One more example will show Ezra to be the most important editor of the Old Testament. At the end of Deuteronomy we find some remarks concerning the death of Moses. “So Moses the servant of the Lord died there in the land of Moab but no man knows of his sepulchre unto this day” (Deuteronomy 34:5–6).
It is hardly possible for Moses to have recorded his own death and then, in some curious prophecy, tell later people that his burial place was unknown “unto this day.” These are clearly editorial remarks added by Ezra at the final canonization, proof that the editor could be none other than Ezra is found in Deuteronomy 34:10. “And there arose not a prophet since in Israel like unto Moses, whom the Lord knew face to face.” It was promised in Deuteronomy 18:15–19 that there would arise a major prophet like unto Moses in power and authority. That prophet was to be so great that his words would be like those of Moses.
But of all the prophets who preceded Ezra, not one of them was the lawgiver (like Moses) or the maker of the New Covenant with Israel as a new Moses. So Ezra was informing his readers in his time through this editorial comment that none of the earlier prophets (such as Isaiah, Jeremiah or Ezekiel) was the prophet ordained to be like Moses. Ezra, the compiler of the Hebrew Bible, directed the Jewish people in the 5th century B.C.E. to look forward to a future time for the coming of the great prophet. The Jewish people in the time of Jesus were doing just that (John 6:14 and 7:40), and Christians came to believe that the prophet was Christ.

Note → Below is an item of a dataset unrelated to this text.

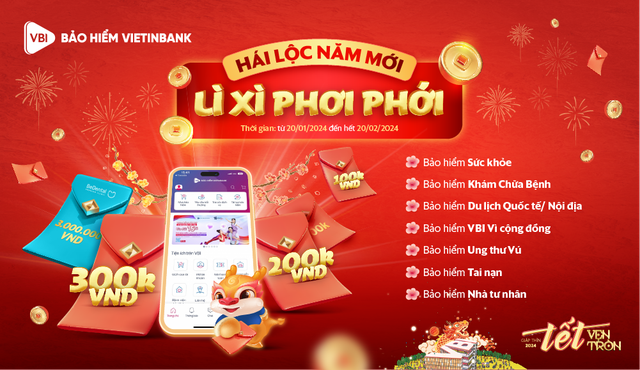 Bảo hiểm VietinBank - VBI mở đầu năm Giáp Thìn 2024 với chương trình "Hái lộc năm mới - Lì xì phơi phới" dành tặng hàng nghìn lì xì may mắn cho tất cả các khách hàng mới tham gia các sản phẩm bảo hiểm VBI (không bao gồm Bảo hiểm Vật chất ô tô, Bảo hiểm TNDS ô tô - xe máy) trên website myvbi.vn, app MyVBI và Mini App Zalo (không thông qua tư vấn viên) từ 20.01.2024 đến 20.2.2024.
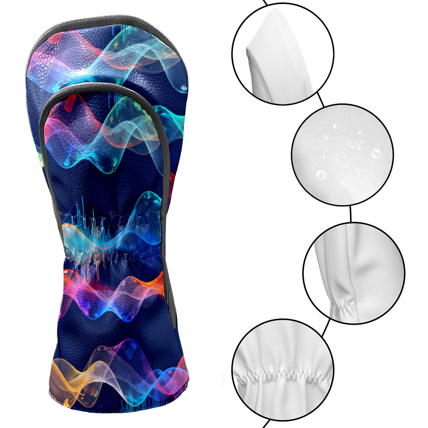 Golf Club Covers, Blue Wave Premium PU Leather Driver Hybrid Putter Head Covers with Velvet Lining, Waterproof Golf Gifts for Men Women

It should be remembered that even after Ezra’s death, some later members of the Great Assembly (the authorized supreme religious court of the nation) carried the genealogical tables of important priestly families down to the time of Alexander the Great. 7
In conclusion, let us notice some books which are mentioned in the Old Testament but are not found in the pages of our Bible.
Do these “lost books” belong in the sacred canon of the Old Testament? They do not. Ezra in the Book of Chronicles referred to the last seven of these ten books, and it was he who was responsible for canonizing the complete Old Testament. He mentioned these historical documents to support the truth of what he wrote in the Book of Chronicles, but he did not include any of them as a part of divine scripture. Had he wanted them in the canon, he could easily have placed one or all of them within the divine collection. He did not.

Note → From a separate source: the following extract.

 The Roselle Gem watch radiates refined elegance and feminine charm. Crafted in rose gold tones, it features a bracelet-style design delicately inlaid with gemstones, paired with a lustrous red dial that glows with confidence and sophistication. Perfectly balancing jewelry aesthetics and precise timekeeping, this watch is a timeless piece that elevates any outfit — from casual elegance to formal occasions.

These were simple books of history that contained truthful records of the past (much like First Maccabees in the Apocrypha), but Ezra did not accord them with divine status. This is significant. If Ezra did not reckon them as canonical, neither should anyone else who respects the office of Ezra and the Great Assembly. This is the case with all other books mentioned in the Old Testament and not found within the present biblical canon.
1 See both Josephus, Antiquities, X.78 and Babylonian Talmud, Baba Bathra, 15a, at www.come-and-hear.com/bababathra/bababathra_15.html.

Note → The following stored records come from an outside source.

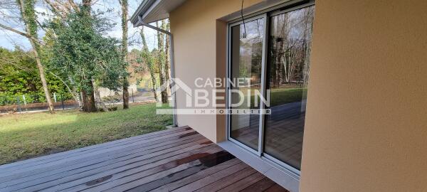 A vendre Sanguinet- Maison neuve avec deux chambres + une suite parentale sur un terrain d'environ 685 m², une une belle pièce de vie, un cellier, deux wc, une salle de bains, une salle d'eau, une terrasse et un garage attenant. Normes RE 2020. Frais de notaires réduits.
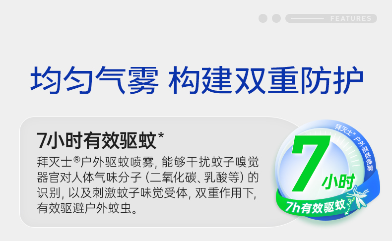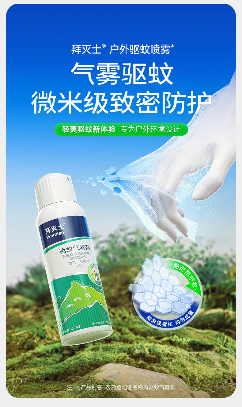 拜灭士户外驱蚊喷雾 微米级雾化 均匀成膜 打造户外隐形防护衣
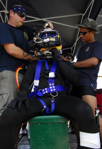 Keywords: CARAT 2013 130618-N-LX503-131.jpg en Navy Diver 2nd Class Andrew Gose left alongside a member of the Royal Malaysian Navy RMN fastens the helmet of a RMN diver during a dive and salvage training exercise in support of Cooperation Afloat Readiness and Training CARAT Malaysia 2013 More than 1 200 Sailors and Marines are participating in CARAT Malaysia 2013 U S Navy ships participating in CARAT Malaysia include the amphibious dock landing ship USS Tortuga LSD 46 with embarked U S Marine Corps landing force the diving and salvage vessel USNS Safeguard T-ARS 50 with embarked Mobile Diving and Salvage Unit MDSU 1 the guided missile destroyer USS Curtis Wilbur DDG 54 and the littoral combat ship Freedom LCS 1 CARAT is a series of bilateral military exercises between the U S Navy and the armed forces of Bangladesh Brunei Cambodia Indonesia Malaysia the Philippines Singapore Thailand and Timor Leste U S Navy photo by Mass Communications Specialist 1st Class Joy M Kirch-Kelling RELEASED 2013-06-18 Petty Officer 1st Class Joy Kirch-Kelling https //www dvidshub net/image/1683542 130618-N-LX503-131 2014-12-02 20 10 KUANTAN TANJONG GELANG MY PD-USGov-Military-Navy USS Curtis Wilbur DDG-54 USS Tortuga LSD-46 Cooperation Afloat Readiness and Training 2013 USNS Safeguard T-ARS-50 Images from DoD uploaded by Fæ |

2 For more information on this important matter, see Appendix One. This, again, shows an authorization of scripture by Jeremiah.
3 Jeremiah was a priest and his father (Jeremiah 1:1, and 2 Kings chapters 22–23; 2 Chronicles chapters 34–35). Jeremiah was granted favor with Nebuchednezzar (Jeremiah 39:11–12) and the command was given for the captain of the Babylonian army to give to Jeremiah anything he wanted. It is reasonable to presume that preservation of the Temple writings would have been of greatest importance to Jeremiah. DWS
4 See “Daniel,” in Lange’s Commentary, vol. 13 (New York: Scribner, 1877), pp. 59, 61.
5 A.F. Kirkpatrick, The First Book of Samuel, vol. IX, Cambridge Bible for Schools and Colleges (Cambridge: Cambridge University Press, 1891), p. 112.
6 Samuel R. Driver, A Critical and Exegetical Commentary on Deuteronomy, 3rd ed. International Critical Commentary (Edinburgh: T. and T. Clark, 1895), p. 213.
7 Nehemiah 12:11, 22; Josephus, Antiquities of the Jews XI.7,2 ¶302.